May Books 22) Madame Bovary, by Gustave Flaubert

Many many years since I had read this, and it’s one of those rather grim cheap standard translations (I have proven by bitter experiment that my French is up to reading graphic novels but not classics), which still carries off the essential drama – replicated in a thousand soap operas since, but I guess rather daring for its day. It’s impossible surely not to feel sympathy for Emma, condemned to social conformity by a society which believes itself to be in a process of liberalisation (but isn’t really); she is desperately grasping for possible ladders to a more fulfilling life, without looking too closely at the details of where they might lead to. As with Middlemarch (and to a lesser extent Buddenbrooks) the politics of the time get a certain reflection in people’s personal lives.

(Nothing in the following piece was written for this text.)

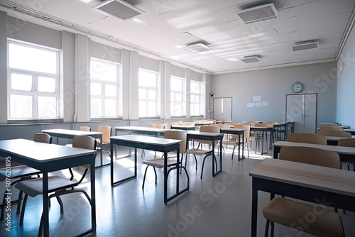 Empty classroom, Blurred school classroom without students with empty chairs and tables

The translation is strikingly off in places. Flaubert’s wonderful metaphor for emotional blockage caused by domestic torpor, “Elle ne savait pas que, sur la terrasse des maisons, la pluie fait des lacs quand les gouttières sont bouchées” does have some problems anyway in English translation, as very few English or Irish houses have “terrasses” (in America the word “porch” would just about cover it, but this side of the Atlantic “porch” generally means a smaller enclosed area). However, this becomes in English “She did not know that on the terrace of houses it makes lakes when the pipes are choked” – it actually sounds more cod-French than the original, by bafflingly dropping explicit reference to rain, thus leaving us uncertain about what “it” is. I am sorry to say that the translator was Karl Marx’s daughter Eleanor.

One thought on “May Books 22) Madame Bovary, by Gustave Flaubert

  1. Very true – my problem with the article was much the same as yours. An argument for immigration can’t be made on the basis of London alone, however much I am generally sympathetic with the author’s arguments.